Contributions to a 529 plan may qualify for the gift tax annual exclusion (currently $15,000 per year per person). In fact, an individual may utilize up to 5 years of annual exclusions up front. If the donor dies within 5 years, the value of the annual exclusions for the years into which the donor did not survive would be brought back into the donor’s taxable estate. However, any growth on the funds would be out of the donor’s taxable estate.
If the distributions aren’t used for qualified education expenses, the earnings would be taxable and may even be subject to a 10% penalty.
Distributions from the 529 plan, if used for the beneficiary’s qualified education expenses, including tuition, books, and other education-related expenses for students at colleges, junior colleges, technical schools, and even at primary and secondary schools (up to $10,000 per year) are income tax-free.

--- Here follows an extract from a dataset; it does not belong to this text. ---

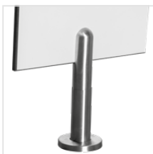
adjustable foot (stainless steel)

Typically, if a donor retains control over assets, those assets are included in the donor’s taxable estate. Uniquely, the donor of the 529 plan can keep control of the plan during their life as the owner of the plan and yet the assets in the plan are still removed from the taxable estate. The account owner can change the identity of the beneficiary. So, if you select a successor owner, they could direct the funds away from the beneficiary.
If you want to lock down the 529 plan to make sure your successor doesn’t redirect the funds for themselves or beneficiaries whom they prefer, you could use a trust to hold the 529 plan. However, if you do that, you would be limited to one annual exclusion at a time.
An added bonus of 529 plans is they may even be exempt in bankruptcy, as long as the funds were contributed at least two years before the donor’s bankruptcy filing, the 529 plan is established for the donor’s children, grandchildren, step-children, or step-grandchildren, and contributions don’t exceed the 529 plan’s maximum contribution limit per beneficiary (which can be in excess of $500,000).
Thus, uniquely, a donor can keep complete control over 529 plan contributions, they may be completed gifts for gift and estate tax purposes, and they may be protected in bankruptcy.